## Records provided
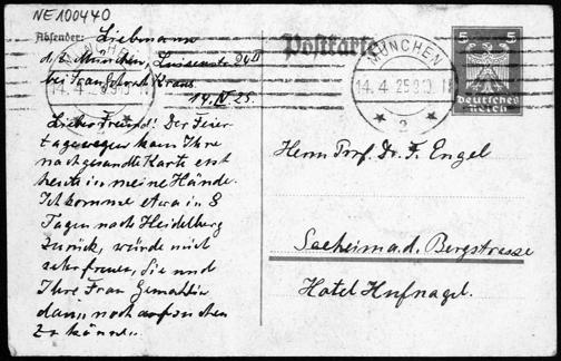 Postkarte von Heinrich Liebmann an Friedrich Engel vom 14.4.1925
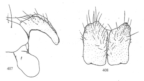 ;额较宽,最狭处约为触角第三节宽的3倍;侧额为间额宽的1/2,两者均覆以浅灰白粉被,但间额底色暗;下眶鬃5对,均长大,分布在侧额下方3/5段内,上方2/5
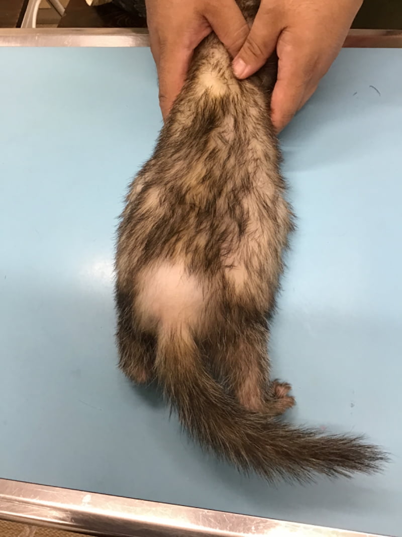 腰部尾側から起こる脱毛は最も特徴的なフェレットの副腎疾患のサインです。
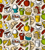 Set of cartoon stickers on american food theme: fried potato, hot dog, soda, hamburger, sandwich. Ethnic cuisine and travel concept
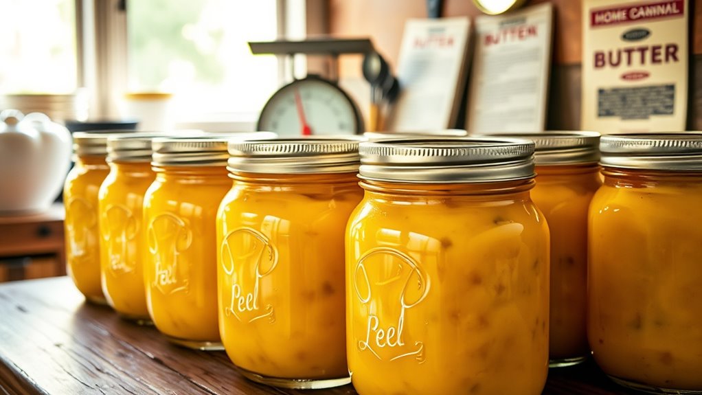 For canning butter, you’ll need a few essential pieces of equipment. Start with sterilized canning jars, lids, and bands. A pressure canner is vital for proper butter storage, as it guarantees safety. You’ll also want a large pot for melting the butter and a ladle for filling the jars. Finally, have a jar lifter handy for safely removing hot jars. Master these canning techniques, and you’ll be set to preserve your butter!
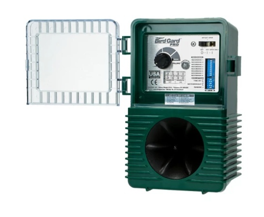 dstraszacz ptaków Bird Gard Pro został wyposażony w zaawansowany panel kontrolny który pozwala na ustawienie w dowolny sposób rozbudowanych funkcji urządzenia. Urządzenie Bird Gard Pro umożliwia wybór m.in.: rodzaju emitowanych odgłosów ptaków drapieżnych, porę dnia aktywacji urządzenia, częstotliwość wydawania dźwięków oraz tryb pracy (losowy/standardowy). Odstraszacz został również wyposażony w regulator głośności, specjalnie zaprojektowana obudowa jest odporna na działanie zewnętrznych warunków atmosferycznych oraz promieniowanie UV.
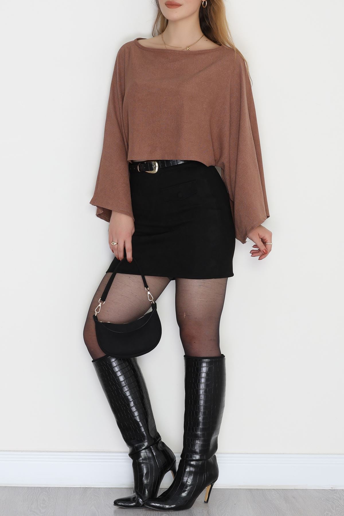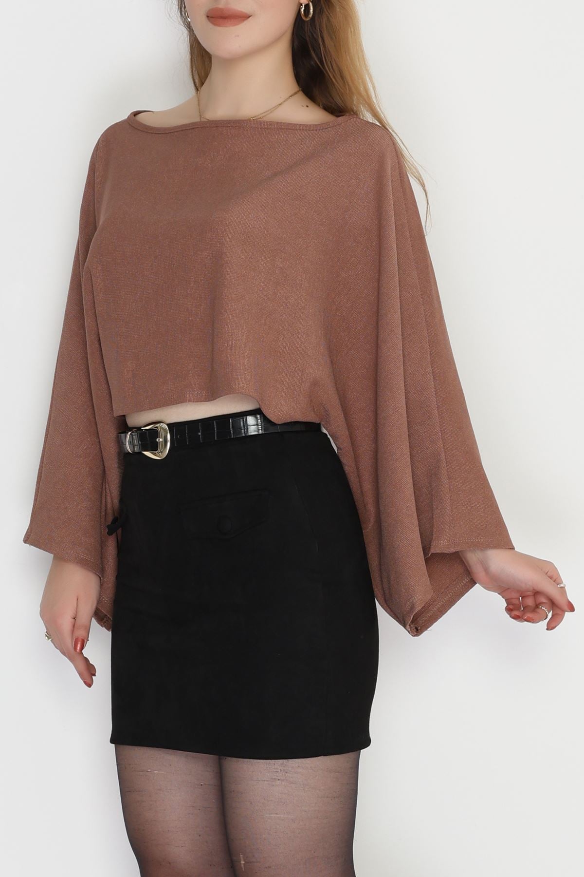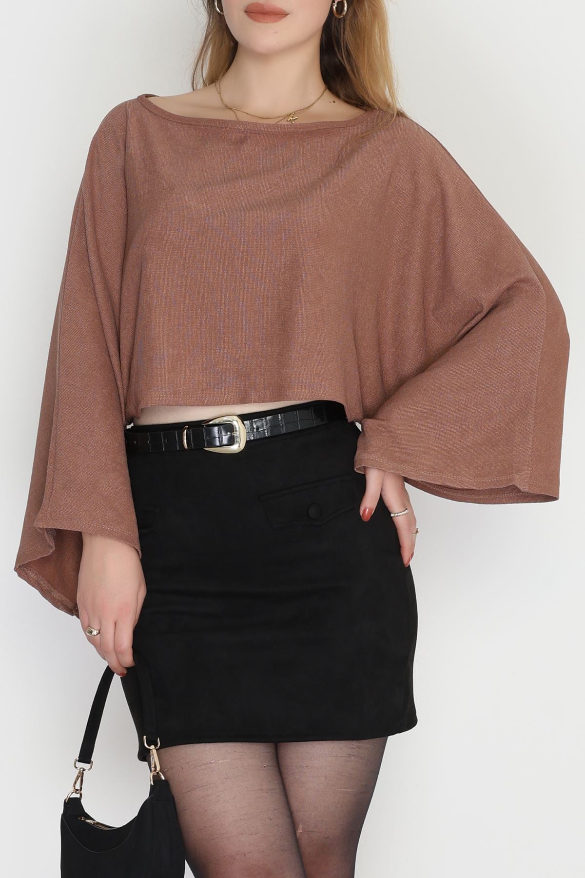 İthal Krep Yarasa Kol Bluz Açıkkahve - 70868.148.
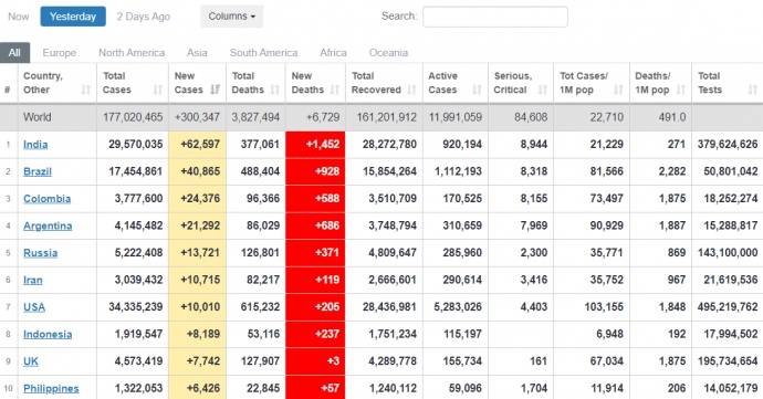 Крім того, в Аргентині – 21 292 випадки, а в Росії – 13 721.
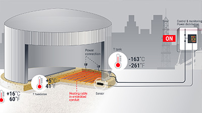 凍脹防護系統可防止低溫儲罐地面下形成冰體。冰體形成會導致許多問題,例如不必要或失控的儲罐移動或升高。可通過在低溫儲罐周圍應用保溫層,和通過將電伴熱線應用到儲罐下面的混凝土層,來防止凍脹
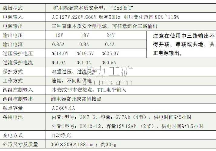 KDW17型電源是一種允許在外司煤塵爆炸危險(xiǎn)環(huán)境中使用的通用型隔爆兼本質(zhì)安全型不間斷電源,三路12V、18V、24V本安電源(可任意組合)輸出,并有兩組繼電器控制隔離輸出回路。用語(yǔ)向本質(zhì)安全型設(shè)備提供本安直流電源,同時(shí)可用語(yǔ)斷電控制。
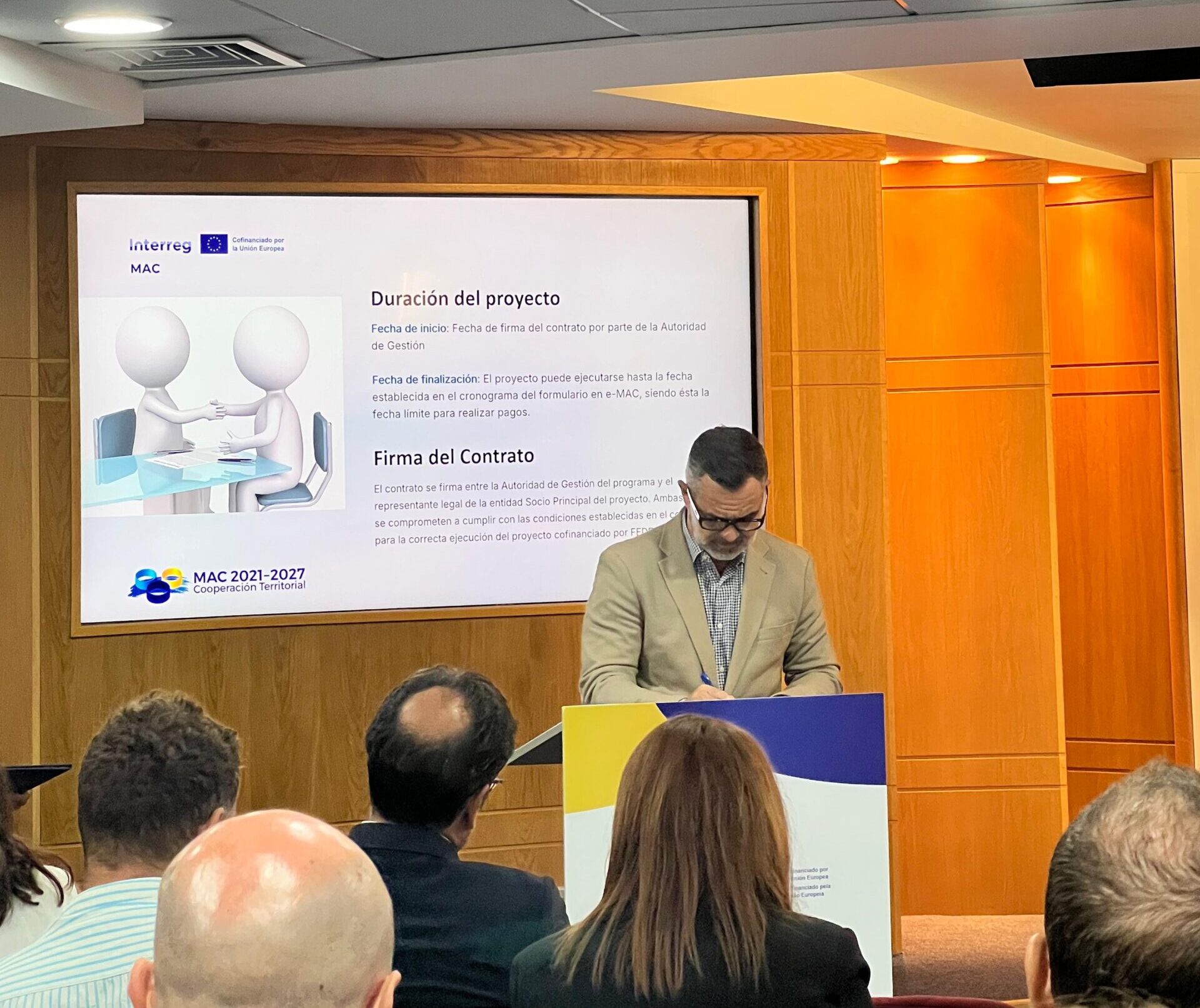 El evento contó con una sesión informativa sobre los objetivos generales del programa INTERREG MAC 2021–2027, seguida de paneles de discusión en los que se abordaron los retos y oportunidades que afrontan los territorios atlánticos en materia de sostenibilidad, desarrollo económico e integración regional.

## Work instructions
Everything in the material above is to be reproduced exactly, pictures aside.

## Exercise solution
 Postkarte von Heinrich Liebmann an Friedrich Engel vom 14.4.1925
 ;额较宽,最狭处约为触角第三节宽的3倍;侧额为间额宽的1/2,两者均覆以浅灰白粉被,但间额底色暗;下眶鬃5对,均长大,分布在侧额下方3/5段内,上方2/5
 腰部尾側から起こる脱毛は最も特徴的なフェレットの副腎疾患のサインです。
 Set of cartoon stickers on american food theme: fried potato, hot dog, soda, hamburger, sandwich. Ethnic cuisine and travel concept
 For canning butter, you’ll need a few essential pieces of equipment. Start with sterilized canning jars, lids, and bands. A pressure canner is vital for proper butter storage, as it guarantees safety. You’ll also want a large pot for melting the butter and a ladle for filling the jars. Finally, have a jar lifter handy for safely removing hot jars. Master these canning techniques, and you’ll be set to preserve your butter!
 dstraszacz ptaków Bird Gard Pro został wyposażony w zaawansowany panel kontrolny który pozwala na ustawienie w dowolny sposób rozbudowanych funkcji urządzenia. Urządzenie Bird Gard Pro umożliwia wybór m.in.: rodzaju emitowanych odgłosów ptaków drapieżnych, porę dnia aktywacji urządzenia, częstotliwość wydawania dźwięków oraz tryb pracy (losowy/standardowy). Odstraszacz został również wyposażony w regulator głośności, specjalnie zaprojektowana obudowa jest odporna na działanie zewnętrznych warunków atmosferycznych oraz promieniowanie UV.
 İthal Krep Yarasa Kol Bluz Açıkkahve - 70868.148.
 Крім того, в Аргентині – 21 292 випадки, а в Росії – 13 721.
 凍脹防護系統可防止低溫儲罐地面下形成冰體。冰體形成會導致許多問題,例如不必要或失控的儲罐移動或升高。可通過在低溫儲罐周圍應用保溫層,和通過將電伴熱線應用到儲罐下面的混凝土層,來防止凍脹
 KDW17型電源是一種允許在外司煤塵爆炸危險(xiǎn)環(huán)境中使用的通用型隔爆兼本質(zhì)安全型不間斷電源,三路12V、18V、24V本安電源(可任意組合)輸出,并有兩組繼電器控制隔離輸出回路。用語(yǔ)向本質(zhì)安全型設(shè)備提供本安直流電源,同時(shí)可用語(yǔ)斷電控制。
 El evento contó con una sesión informativa sobre los objetivos generales del programa INTERREG MAC 2021–2027, seguida de paneles de discusión en los que se abordaron los retos y oportunidades que afrontan los territorios atlánticos en materia de sostenibilidad, desarrollo económico e integración regional.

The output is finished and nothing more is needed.